2026 Leverhulme Interdisciplinary Network on Algorithmic Solutions (LINAS) Conference
- Date(s)
- April 20, 2025 - April 14, 2025
- Location
- Canada Room and Council Chamber, Lanyon Building, Queen's University Belfast
- Time
- 09:00 - 17:00
- Price
- Free
Synergizing AI Research: Linking Diverse Expertise to Ignite Progress
Conference Focus
This conference will focus on the advantages that AI and machine learning can bring to research and innovation, whilst also critically engaging with their limitations and potential harms.
The rapid development of AI and other technologies is impacting nearly every aspect of society, commerce, state institutions, and academia. This evolution should command the attention of interdisciplinary research and cooperative efforts to address and reflect upon the purpose and complex impacts of AI within society, the state, human nature, and so on.
This conference seeks to facilitate and encourage collaboration across disciplines that focuses on highlighting how the impact, design, and application of AI and related technologies will affect the planet, humans and nonhumans.
It also aims to outline paths to alternative futures that prioritise the social good.
Conference Details (full schedule forthcoming)
This is a student-led conference that is primarily aimed at featuring the work of PhD and early career researchers. We invite all academics, industry professionals, and students of all levels to attend the conference.
The conference will include a variety of presentations, including but not limited to:
- Ethics and Governance of AI
- AI & ML in Scientific Research
- Human-Machine Collaboration
- Responsible Algorithmic Science and Innovation
- AI and the Law
- AI, Creativity and the Arts
- Algorithmic Security
- AI in Fintech
- AI, Knowledge and Learning
- AI and Healthcare
- AI and Being Human
Keynote Speakers
We are honoured to have Professor Elke Schwarz and Professor Brooke Simmons as the keynote speakers for the conference.
Elke Schwarz is Professor of Political Theory at Queen Mary University London, UK. She holds a PhD from the London School of Economics and Political Science (LSE), an MA in Conflict Studies from the War Studies Department at King’s College London (KCL) and a Bachelor’s in Business Studies from Belmont University (USA).

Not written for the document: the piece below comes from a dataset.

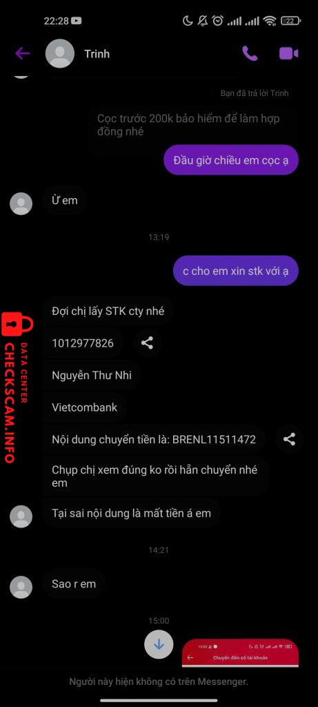 诈骗者警报: Nguyễn Thư Nhi 已报告: November 16, 2024 诈骗者信息 全名: Nguyễn Thư Nhi 支付网关: Vietcombank 支付账户: 1012977826 类别: 市场诈骗 来源: Checkscam 证据文件 报告描述 Giới thiệu công việc láp ráp bút xong bắt cọc các thứ, tới lúc mình biết scam rồi thì block, mình muốn tố cáo để mn sau không dính nữa. 评论 您的评论 添加评论 暂无评论。成为第一个分享您与此诈骗者经历的人。

She has published extensively on the ethics of technology and warfare, with a specific emphasis on new and emerging military technologies, including military Artificial Intelligence (AI), autonomous weapon systems, drones and robots.
She is the author of Death Machines: The Ethics of Violent Technologies (Manchester University Press). Elke is Vice-Chair of the International Committee of Robot Arms Control (ICRAC), an Associate with the Imperial War Museum (IWM) and an RSA Fellow. She held a 2022/23 Fellowship at the Center for Apocalyptic Studies (CAPAS) and was a 2024 Leverhulme Research Fellow.
Brooke Simmons is a Professor in Astrophysics and UKRI Future Leaders Fellow at Lancaster University. She is also Deputy PI of the citizen science project ‘Galaxy Zoo’ and leads the disaster relief arm of the Zooniverse citizen science platform.
Her research focuses on galaxy evolution and the co-evolution of supermassive black holes with their host galaxies. Prof. Simmons aims to answer complex astrophysical questions by implementing a combination of observations and theory, using some of the largest data sets astronomers now have and will have in the future.
Conference Co-ordinators:
Emily Hickman
Dylan Magill
Joe Wakley
Further information
Conference website.
Contact us at linaspgconference@qub.ac.uk
What is LINAS?
LINAS brings together doctoral scholars from a variety of different disciplines: law, computer science, social science, education, social work, history, anthropology, politics, philosophy, maths and physics to research the implications of Artificial Intelligence, Machine Learning and massive scale data processing.
The core of our research explores emerging technologies and seeks to address the implications of massive-scale data processing, artificial intelligence (AI) and machine learning (ML).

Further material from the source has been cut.